## RECORD SET
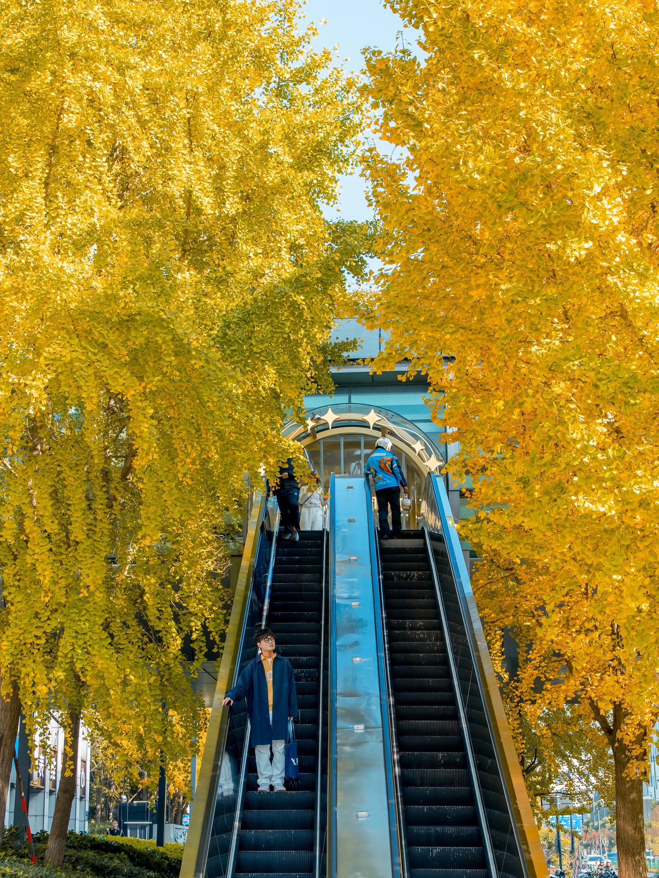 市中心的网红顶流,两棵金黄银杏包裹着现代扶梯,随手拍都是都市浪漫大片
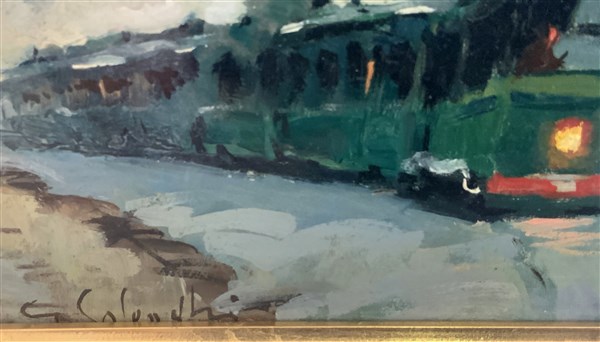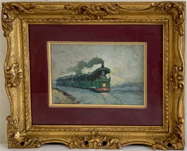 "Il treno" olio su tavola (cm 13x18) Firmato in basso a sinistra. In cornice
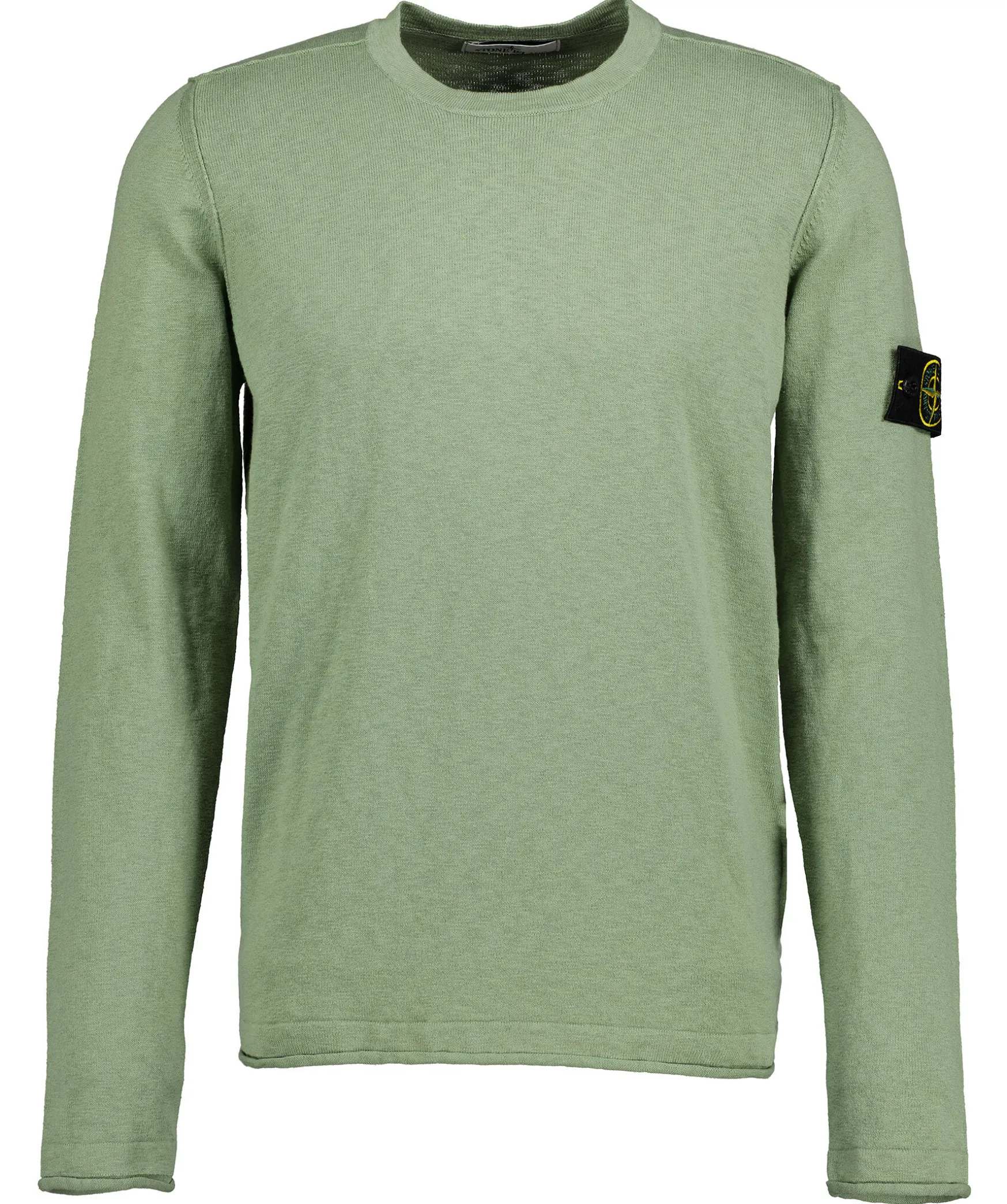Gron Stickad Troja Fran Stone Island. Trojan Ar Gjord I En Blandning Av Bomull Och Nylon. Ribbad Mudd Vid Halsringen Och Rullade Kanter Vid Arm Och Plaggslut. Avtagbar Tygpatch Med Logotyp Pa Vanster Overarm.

* * *

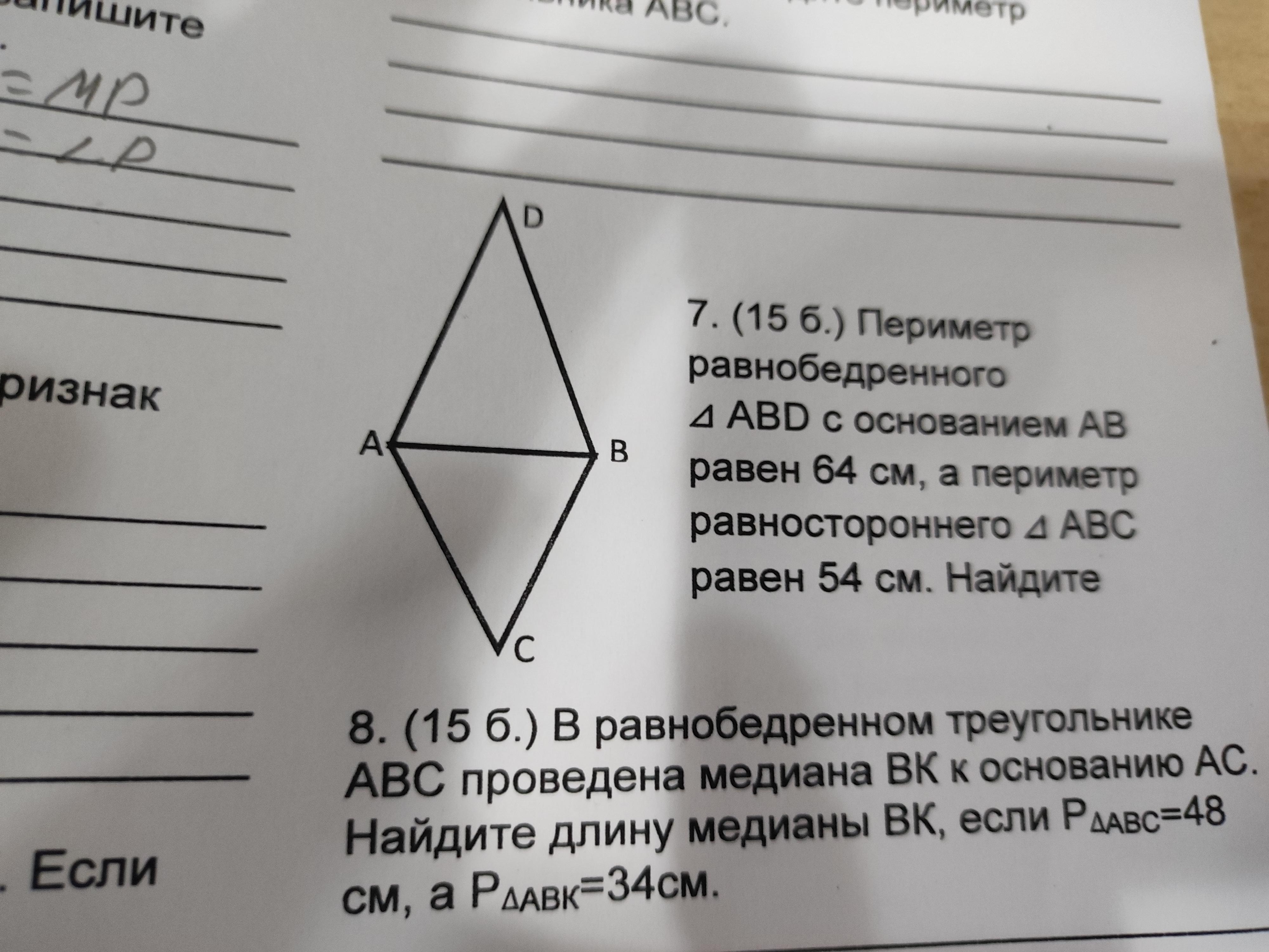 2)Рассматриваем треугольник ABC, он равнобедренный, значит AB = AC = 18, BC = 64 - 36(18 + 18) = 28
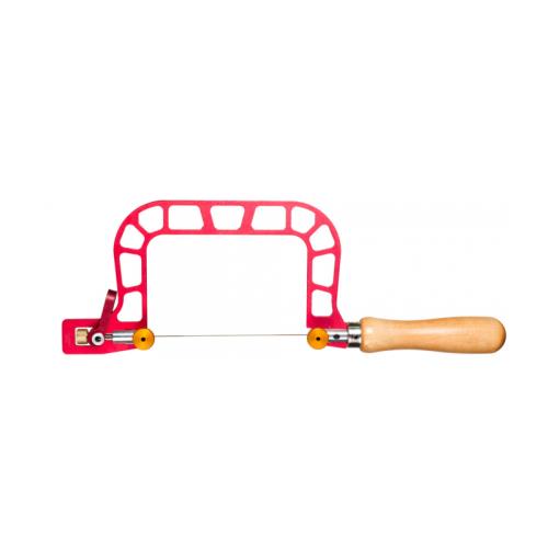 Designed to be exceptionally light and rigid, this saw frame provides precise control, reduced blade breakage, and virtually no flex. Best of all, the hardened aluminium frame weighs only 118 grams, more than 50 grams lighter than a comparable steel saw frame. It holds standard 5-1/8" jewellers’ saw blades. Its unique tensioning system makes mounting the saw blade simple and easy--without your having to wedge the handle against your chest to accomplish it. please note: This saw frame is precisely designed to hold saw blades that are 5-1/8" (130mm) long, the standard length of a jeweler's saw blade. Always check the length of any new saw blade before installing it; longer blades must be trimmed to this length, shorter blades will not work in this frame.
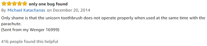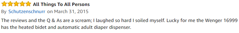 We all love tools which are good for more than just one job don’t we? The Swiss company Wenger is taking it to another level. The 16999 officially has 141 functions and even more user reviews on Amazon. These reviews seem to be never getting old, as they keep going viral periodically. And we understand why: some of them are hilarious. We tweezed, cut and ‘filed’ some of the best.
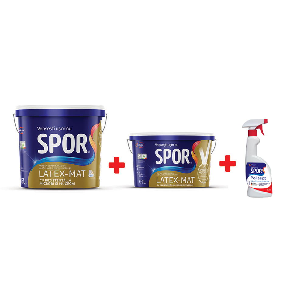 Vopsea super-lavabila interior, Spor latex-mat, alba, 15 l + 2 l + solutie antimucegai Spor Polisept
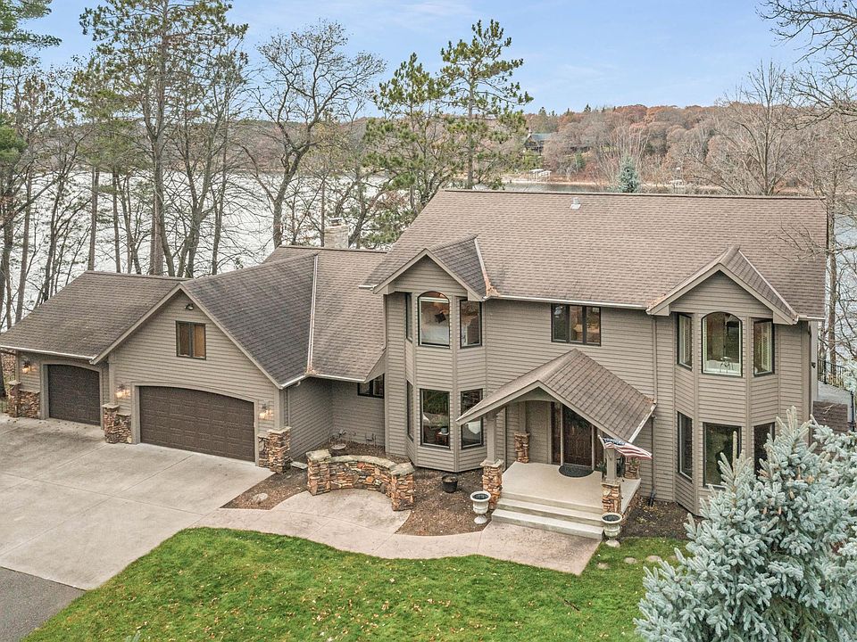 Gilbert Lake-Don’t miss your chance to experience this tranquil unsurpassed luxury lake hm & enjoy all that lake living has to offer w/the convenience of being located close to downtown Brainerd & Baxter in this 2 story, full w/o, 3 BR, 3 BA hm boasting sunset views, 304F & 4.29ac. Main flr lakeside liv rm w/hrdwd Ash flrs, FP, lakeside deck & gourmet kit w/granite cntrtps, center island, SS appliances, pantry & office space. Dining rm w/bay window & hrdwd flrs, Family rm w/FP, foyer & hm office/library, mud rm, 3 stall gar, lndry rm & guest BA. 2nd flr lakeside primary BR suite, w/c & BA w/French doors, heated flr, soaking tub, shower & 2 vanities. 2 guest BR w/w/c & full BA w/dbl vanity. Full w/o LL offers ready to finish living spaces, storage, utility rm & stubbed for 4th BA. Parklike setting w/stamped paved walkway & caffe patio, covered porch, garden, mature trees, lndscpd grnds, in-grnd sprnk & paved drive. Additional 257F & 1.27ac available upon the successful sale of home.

## TO DO
From the line containing "市中心的网红顶流,两棵金黄银杏包裹着现代扶梯,随手拍都是都市浪漫大片" through the line containing "Gron Stickad Troja", copy every line above exactly, without pictures.

## EXERCISE RESPONSE
 市中心的网红顶流,两棵金黄银杏包裹着现代扶梯,随手拍都是都市浪漫大片
 "Il treno" olio su tavola (cm 13x18) Firmato in basso a sinistra. In cornice
Gron Stickad Troja Fran Stone Island. Trojan Ar Gjord I En Blandning Av Bomull Och Nylon. Ribbad Mudd Vid Halsringen Och Rullade Kanter Vid Arm Och Plaggslut. Avtagbar Tygpatch Med Logotyp Pa Vanster Overarm.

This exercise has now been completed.